**RECORDED DATA**

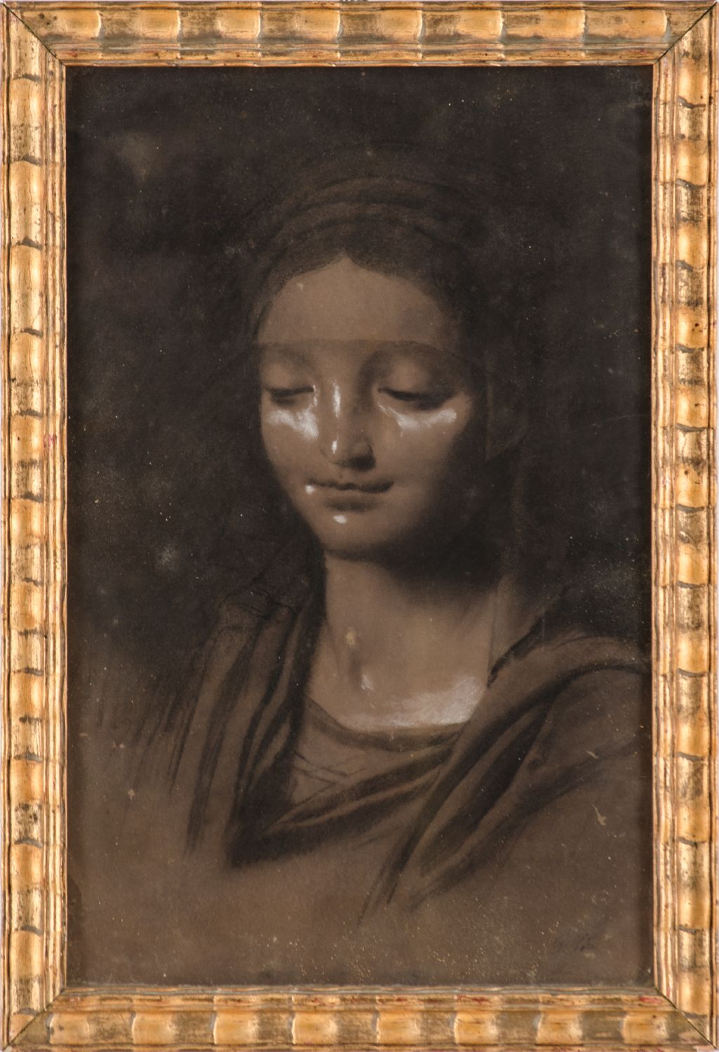 PAOLO VETRI (Castrogiovanni (EN) 1855 - Napoli 1937) CARBONCINO raffigurante "mezzobusto femminile". Misure: cm 48 x 30
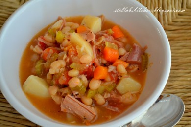 Не выбрасывайте мясо на косточке, мясной бульон и нарезанную ветчину, оставшиеся после праздника, и сделайте этот восхитительный суп.
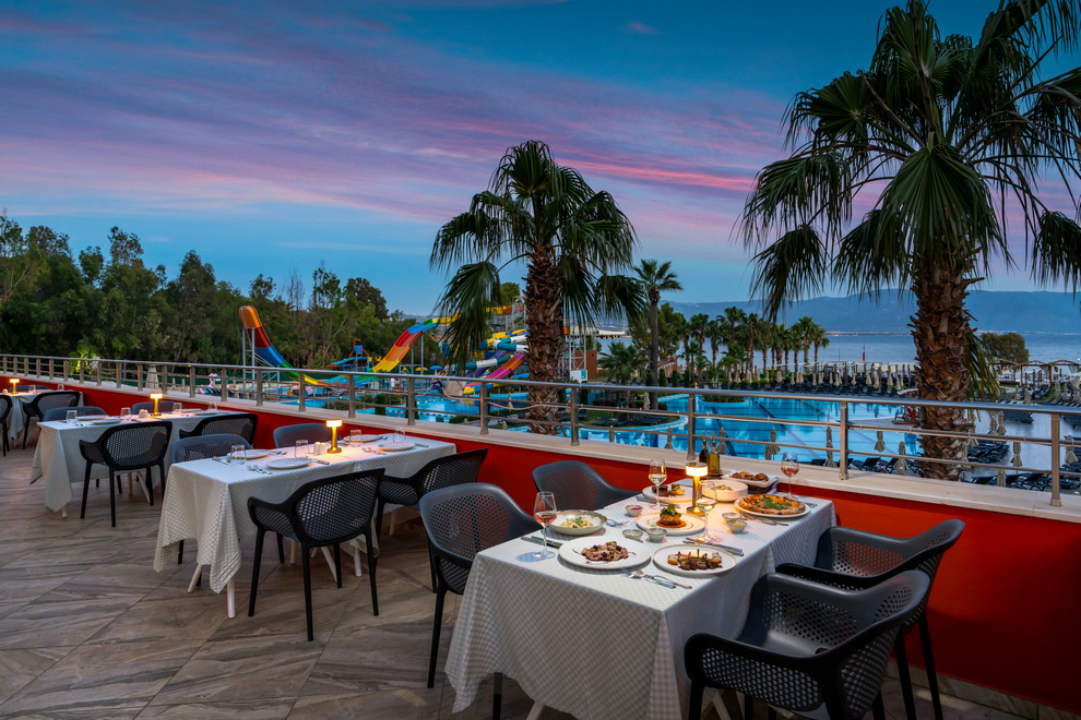 Хотелът има собствен пясъчно-чакълест плаж с платформа и кей. За удобство на гостите си има още 4 открити басейна със сладка вода, неотопляеми. 1 закрит басейн със сладка вода. 5 водни пързалки за възрастни и 3 за деца, неотопляеми, работят по график. Чадъри, шезлонги и матраци на плажа и при басейна се предоставят безплатно.
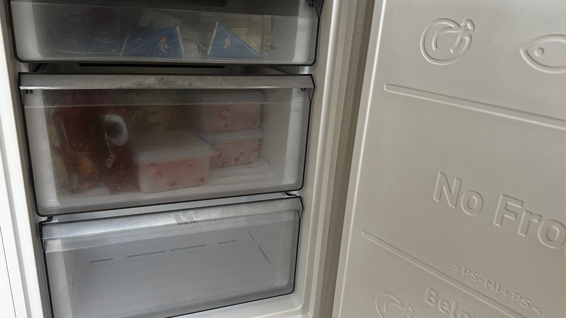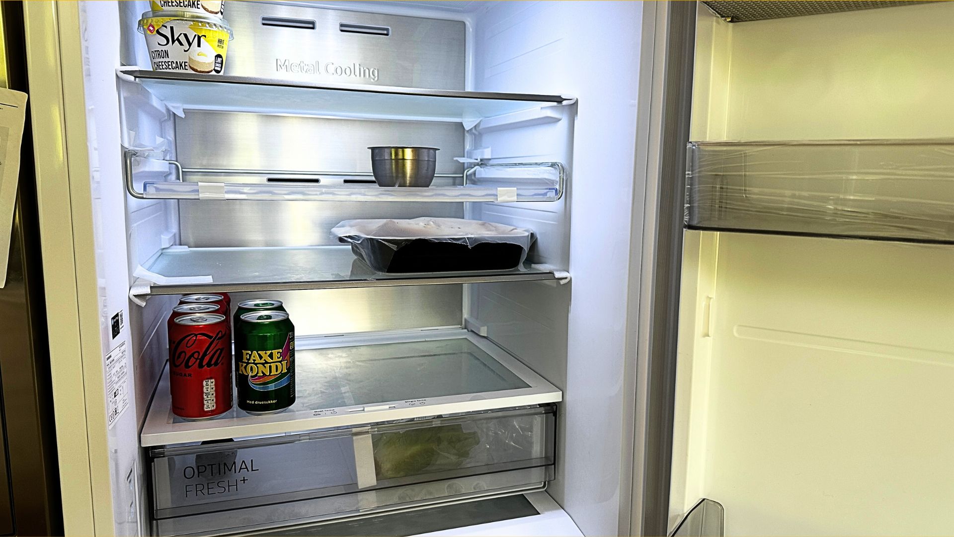 Indeni er der til gengæld en del flere detaljer med metalpladen på bagvæggen, som sikrer, at temperaturen ikke stiger, selvom køleskabet bliver åbnet ofte, og vi er positivt overrasket over skufferne nederst.
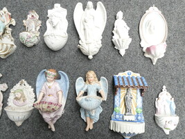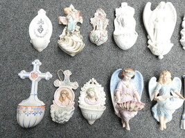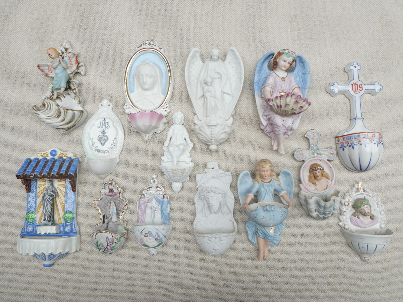 Veertien antieke porseleinen wijwatervatjes, hoogte tussen 16 en 25cm. Geen beschadigingen.
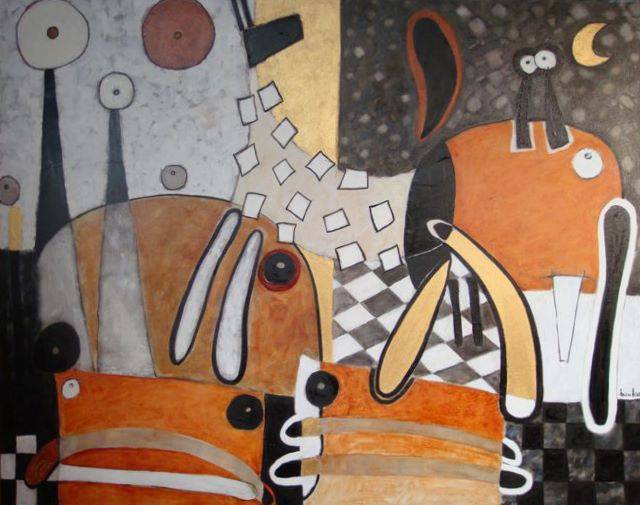 Obraz wyróżnia się kombinacją jaskrawych pomarańczy i stonowanych szarości, które tworzą dynamiczny kolaż kształtów i linii. Geometria rządzi tą kompozycją, kształty przypominają nieco figury zabawek, z kulistymi głowami i długimi, zakrzywionymi liniami, które układają się w abstrakcyjne formy. W tle, szachownica nadaje całości rytm, kontrastując z bardziej organicznymi elementami. Atmosfera tego dzieła jest pełna energii, niemalże tętniąca życiem. Stylistycznie można tu dostrzec wpływy kubizmu, gdzie artysta śmiało operuje formą i kolorem. Jest tu coś nieco nieokiełznanego, co wywołuje w widzu uczucie ciekawości, może nawet niepokoju. "Wow, ale duże te kwadraty!" to mogłoby powiedzieć dziecko, patrząc na tę pracę. Technika zastosowana przez artystę zdaje się być mieszanką malarstwa olejnego z kolażem. Praca w sposób playful łączy elementy rzeczywistości z fantazją, otwierając pole dla różnych interpretacji. Patrząc na to, myślę o dzieciństwie i zabawkach, które ożywają w niespodziewany sposób.
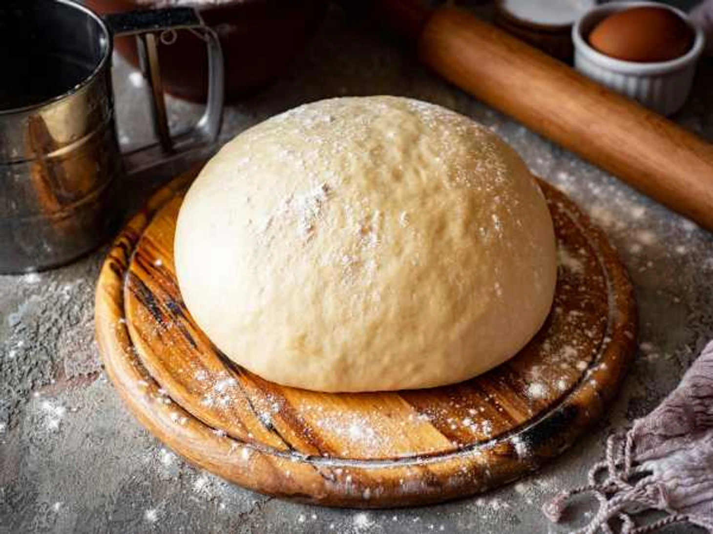 Оставьте тесто под полотенцем на 1½ часа. Когда оно увеличится в объеме в 2-3 раза, разомните его и дайте подняться ещё раз за такое же время.
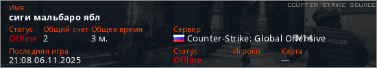 Играет на Counter Strike Source сервере. Страна: РоссияПервый раз замечен 20:55 06.11.2025
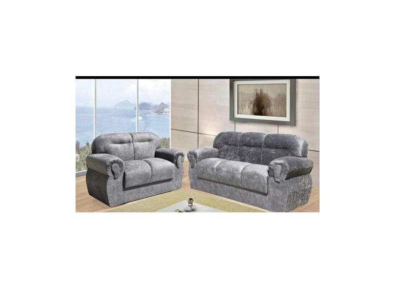 Jogo de Sofá de 2 e 3 Lugares Brasil/Viena Cinza Liso - G&J Estofados
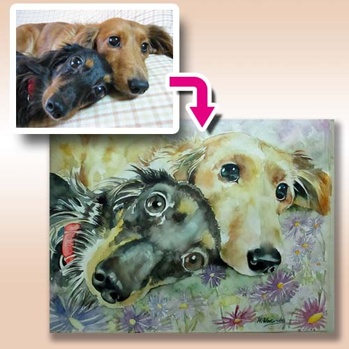愛犬のお写真を元に水彩画を制作いたします。

**WHAT YOU ARE ASKED TO DO**
Reproduce the entries above exactly, without images.

**TASK SOLUTION**
 PAOLO VETRI (Castrogiovanni (EN) 1855 - Napoli 1937) CARBONCINO raffigurante "mezzobusto femminile". Misure: cm 48 x 30
 Не выбрасывайте мясо на косточке, мясной бульон и нарезанную ветчину, оставшиеся после праздника, и сделайте этот восхитительный суп.
 Хотелът има собствен пясъчно-чакълест плаж с платформа и кей. За удобство на гостите си има още 4 открити басейна със сладка вода, неотопляеми. 1 закрит басейн със сладка вода. 5 водни пързалки за възрастни и 3 за деца, неотопляеми, работят по график. Чадъри, шезлонги и матраци на плажа и при басейна се предоставят безплатно.
 Indeni er der til gengæld en del flere detaljer med metalpladen på bagvæggen, som sikrer, at temperaturen ikke stiger, selvom køleskabet bliver åbnet ofte, og vi er positivt overrasket over skufferne nederst.
 Veertien antieke porseleinen wijwatervatjes, hoogte tussen 16 en 25cm. Geen beschadigingen.
 Obraz wyróżnia się kombinacją jaskrawych pomarańczy i stonowanych szarości, które tworzą dynamiczny kolaż kształtów i linii. Geometria rządzi tą kompozycją, kształty przypominają nieco figury zabawek, z kulistymi głowami i długimi, zakrzywionymi liniami, które układają się w abstrakcyjne formy. W tle, szachownica nadaje całości rytm, kontrastując z bardziej organicznymi elementami. Atmosfera tego dzieła jest pełna energii, niemalże tętniąca życiem. Stylistycznie można tu dostrzec wpływy kubizmu, gdzie artysta śmiało operuje formą i kolorem. Jest tu coś nieco nieokiełznanego, co wywołuje w widzu uczucie ciekawości, może nawet niepokoju. "Wow, ale duże te kwadraty!" to mogłoby powiedzieć dziecko, patrząc na tę pracę. Technika zastosowana przez artystę zdaje się być mieszanką malarstwa olejnego z kolażem. Praca w sposób playful łączy elementy rzeczywistości z fantazją, otwierając pole dla różnych interpretacji. Patrząc na to, myślę o dzieciństwie i zabawkach, które ożywają w niespodziewany sposób.
 Оставьте тесто под полотенцем на 1½ часа. Когда оно увеличится в объеме в 2-3 раза, разомните его и дайте подняться ещё раз за такое же время.
 Играет на Counter Strike Source сервере. Страна: РоссияПервый раз замечен 20:55 06.11.2025
 Jogo de Sofá de 2 e 3 Lugares Brasil/Viena Cinza Liso - G&J Estofados
愛犬のお写真を元に水彩画を制作いたします。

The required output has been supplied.